## WORK REQUIRED
Your answer must restate the listing below word for word and contain no images.

## SUPPLIED DATA
*** Begin section ***

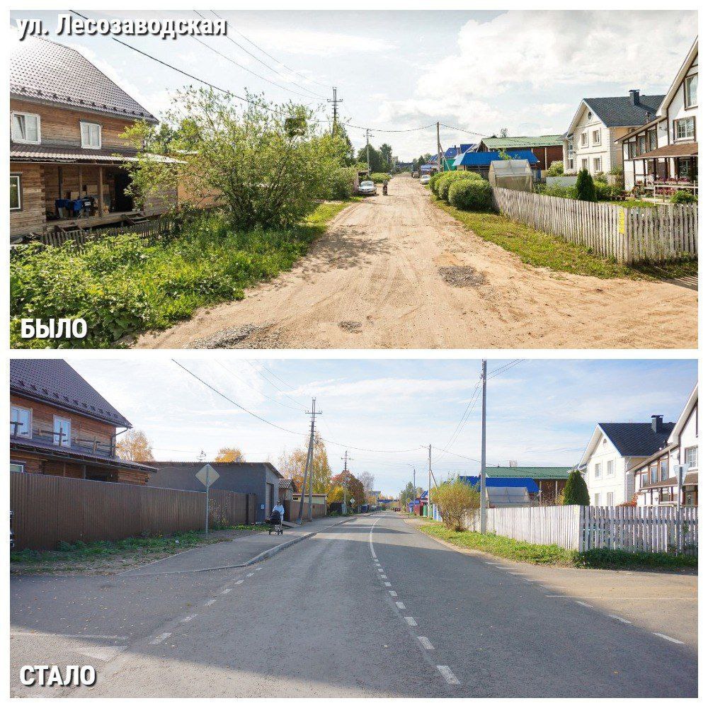 - Ул. Лесозаводская (от д. 1 до ул. Корткеросской, от ул. Школьной до Почтового проезда) - 534 метра. А также участок ул. Тентюковской.
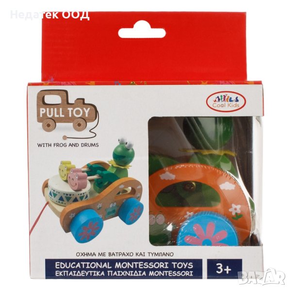Образователна играчка плъзгащо се дървено превозно средство с жаба и дълго въже за дърпане.Помага за развитието на интелигентността и процеса на разпознаване на образи, развива координацията на допир и зрение, пространственото съзнание и стимулира въображението.Предлага забавление, запознава децата с процеса на движение и подобрява развитието на когнитивните умения.
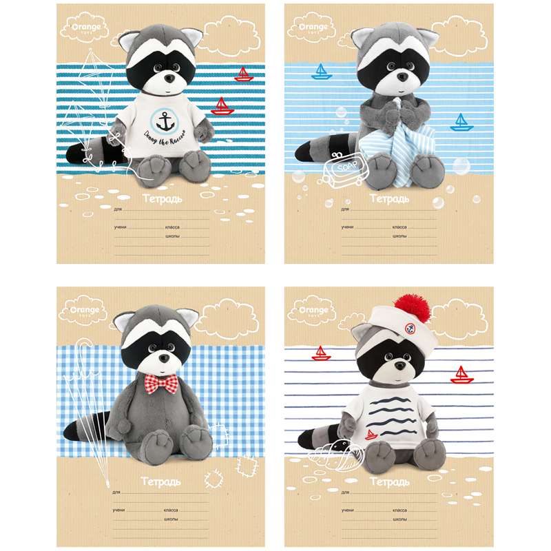 Формат А5. Вид крепления- скрепка. Внутренний блок- офсет. Обложка- мелованный картон, 10 дизайнов в спайкеТетрадь 18л., клетка BG "Orange Toys - Енотик Денни"

*** End section ***

## COMPLETED EXERCISE
 - Ул. Лесозаводская (от д. 1 до ул. Корткеросской, от ул. Школьной до Почтового проезда) - 534 метра. А также участок ул. Тентюковской.
Образователна играчка плъзгащо се дървено превозно средство с жаба и дълго въже за дърпане.Помага за развитието на интелигентността и процеса на разпознаване на образи, развива координацията на допир и зрение, пространственото съзнание и стимулира въображението.Предлага забавление, запознава децата с процеса на движение и подобрява развитието на когнитивните умения.
 Формат А5. Вид крепления- скрепка. Внутренний блок- офсет. Обложка- мелованный картон, 10 дизайнов в спайкеТетрадь 18л., клетка BG "Orange Toys - Енотик Денни"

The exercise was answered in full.